Ingredients
The following ingredients have 4 Servings
- 1 lb medium shrimp (peeled and deveined)
- 8 ounces fine egg noodles (or Chinese egg noodles)
- 4 tablespoons vegetable oil
- 6 cups shredded cabbage
- 3 teaspoons garlic (very finely chopped, divided)
- 2 teaspoons fresh ginger (very finely chopped, divided)
- 1 to 1-1/2 teaspoons Sichuan peppercorns (coarsely ground)
- 1 teaspoon sugar
- Salt and freshly ground black pepper
- 1 tablespoon sesame oil
- 1 tablespoon soy sauce
- 1 tablespoon orange juice
- 6 scallions (sliced)
Instruction
- Cook the noodles in salted boiling water according to package directions. Drain, place in a large bowl and set aside.
- While the noodles cook, heat 3 tablespoons of the vegetable oil in a wok or large skillet over high heat.

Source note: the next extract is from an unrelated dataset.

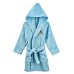 Un peignoir de bain pour enfant en éponge pur coton douce et moelleuse pour s'envelopper de douceur en sortant du bain ou de la douche. Couleur aquatique, broderie ravissante, un adorable peignoir à capuche, à offrir avec la serviette et le drap de bain assortis pour le plaisir de faire plaisir à un
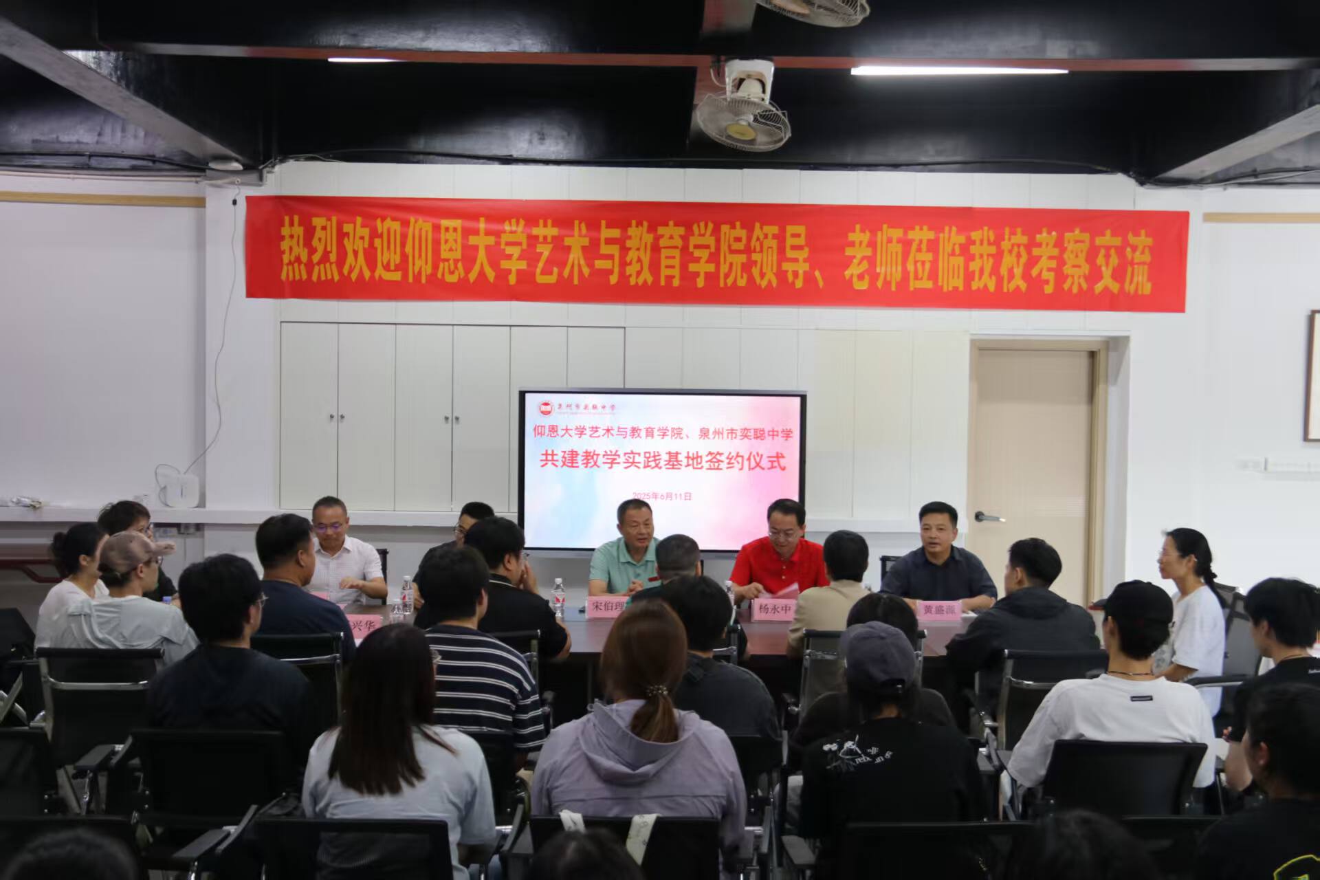 2025年 6月 11日,yl23455永利集团与泉州市奕聪中学共建教学实践基地签约仪式在奕聪中学美术馆举行,双方在艺术教育领域合作开启新阶段,为yl23455永利集团艺术教育专业学生提供稳定见习与实践基地。

- Add 2 teaspoons of the garlic and 1 teaspoon of the ginger and stir fry until fragrant, 30 seconds. Add the cabbage, sugar and about half of the Sichuan pepper. Continue cooking until the cabbage is crisp tender, 4 to 5 minutes. Season with salt and freshly ground black pepper
- Add the cabbage to the noodles and toss to combine. Taste and adjust the seasoning if needed.
- Keeping the pan hot, add the remaining tablespoon of vegetable oil along with the sesame oil. Add the balance of the garlic and ginger. Stir fry until fragrant, 30 seconds, then add the shrimp and remaining Sichuan pepper. Stir fry 1 minute, then add the soy sauce and orange juice. Continue cooking, 30 seconds, add the scallions, and stir fry just until the shrimp turn pink and opaque, about 1 minute more. Season to taste with salt and freshly ground black pepper.
- Divide the noodles between 4 plates, top with shrimp and serve immediately.